Fig. 2 is a cross-sectional view of the multilayer composite covering yarn based on the hydrophilic modified chitosan fiber under a 1000-fold electron microscope.
Fig. 3 (a) and (b) are graphs showing adhesion of the double-layer composite core-spun yarn and the triple-layer composite core-spun yarn of example 1 to rabbit liver, respectively.
Reference numerals
1-a layer of strong filaments or yarns; 2-a hydrophilic modified chitosan fiber layer; 3-a protonated chitosan fiber layer.
Detailed Description
In order to make the objects, technical solutions and advantages of the present invention more apparent, the present invention is described in detail below with reference to specific embodiments.

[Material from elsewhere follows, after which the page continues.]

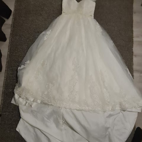 Skreddersydd kjole. Brukt på en som er 168 cm høy og bruker ca s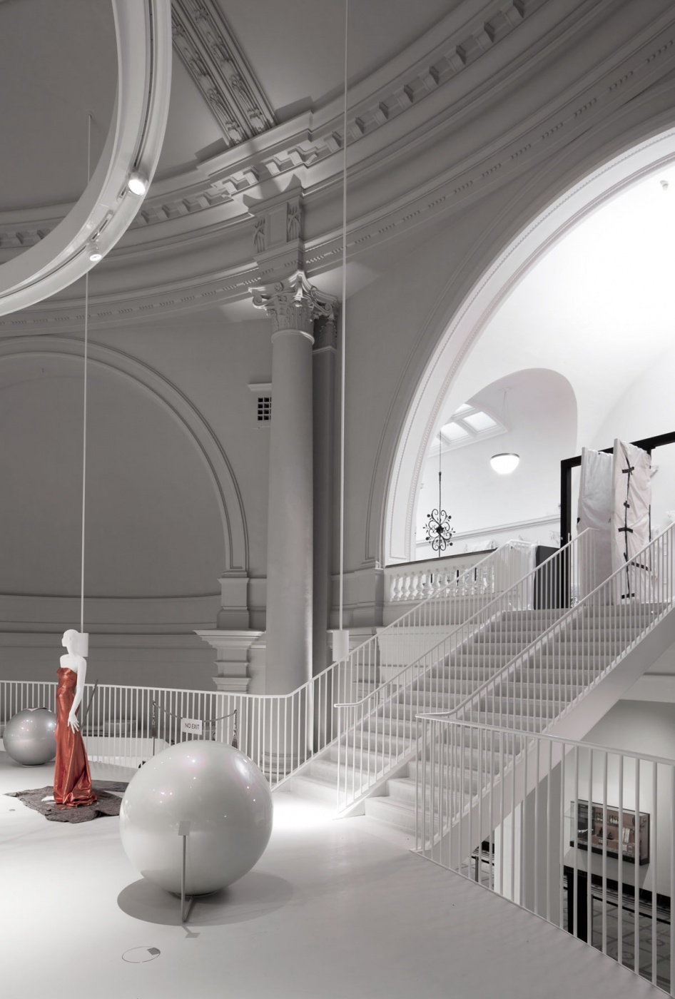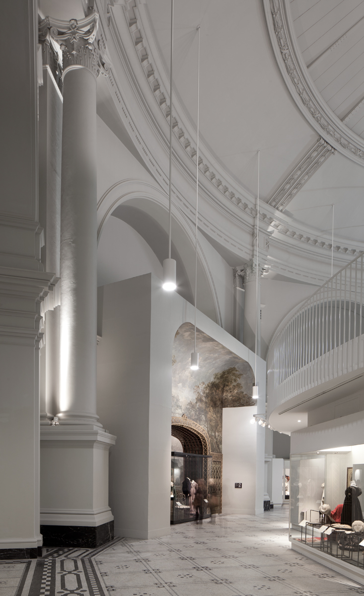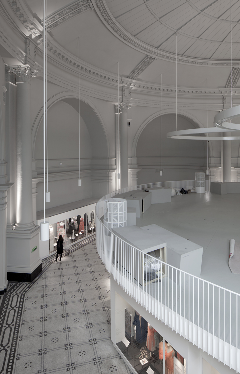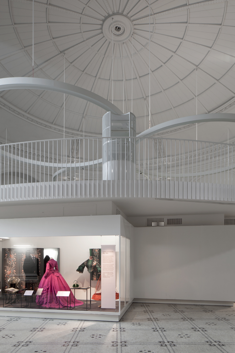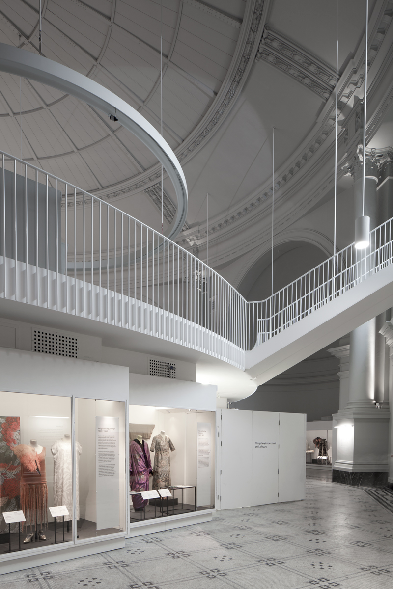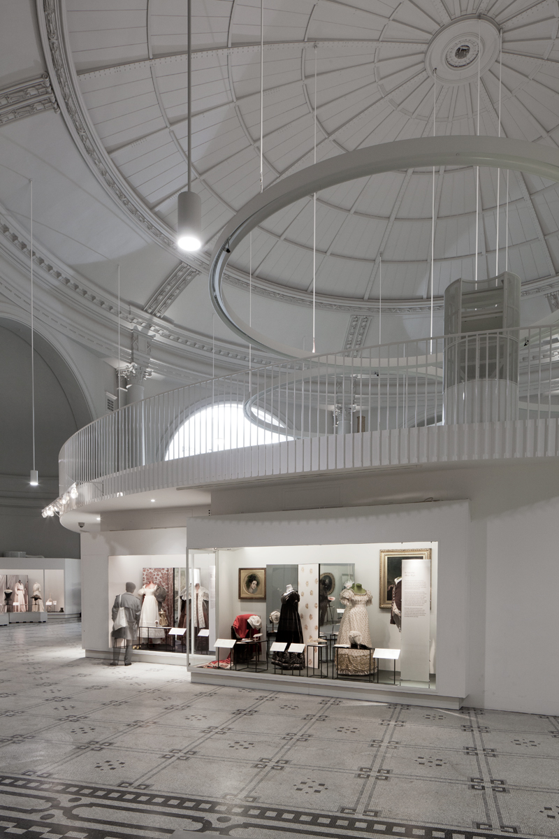 The fashion gallery at the Victoria and Albert Museum reopens on 19th May 2012 following an extensive refurbishment designed by 6a architects. The gallery will house the fashion collection and temporary exhibitions for the next decade. Gallery 40, or the Octagon Court, is one of the largest and most architecturally distinctive interior spaces at the V&A. Built in 1909 by Aston Webb, the Grade I listed gallery is a vast domed space, with deep arched alcoves carved out of its perimeter. In 1962, the gallery was dramatically reconfigured with the insertion of a steel framed mezzanine, and the original mosaic floor covered over.

It should be noted that, in order to avoid obscuring the present invention with unnecessary details, only the structures and/or processing steps closely related to the scheme of the present invention are shown in the specific embodiments, and other details not closely related to the present invention are omitted.
In addition, it is also to be noted that the terms "comprises," "comprising," or any other variation thereof, are intended to cover a non-exclusive inclusion, such that a process, method, article, or apparatus that comprises a list of elements does not include only those elements but may include other elements not expressly listed or inherent to such process, method, article, or apparatus.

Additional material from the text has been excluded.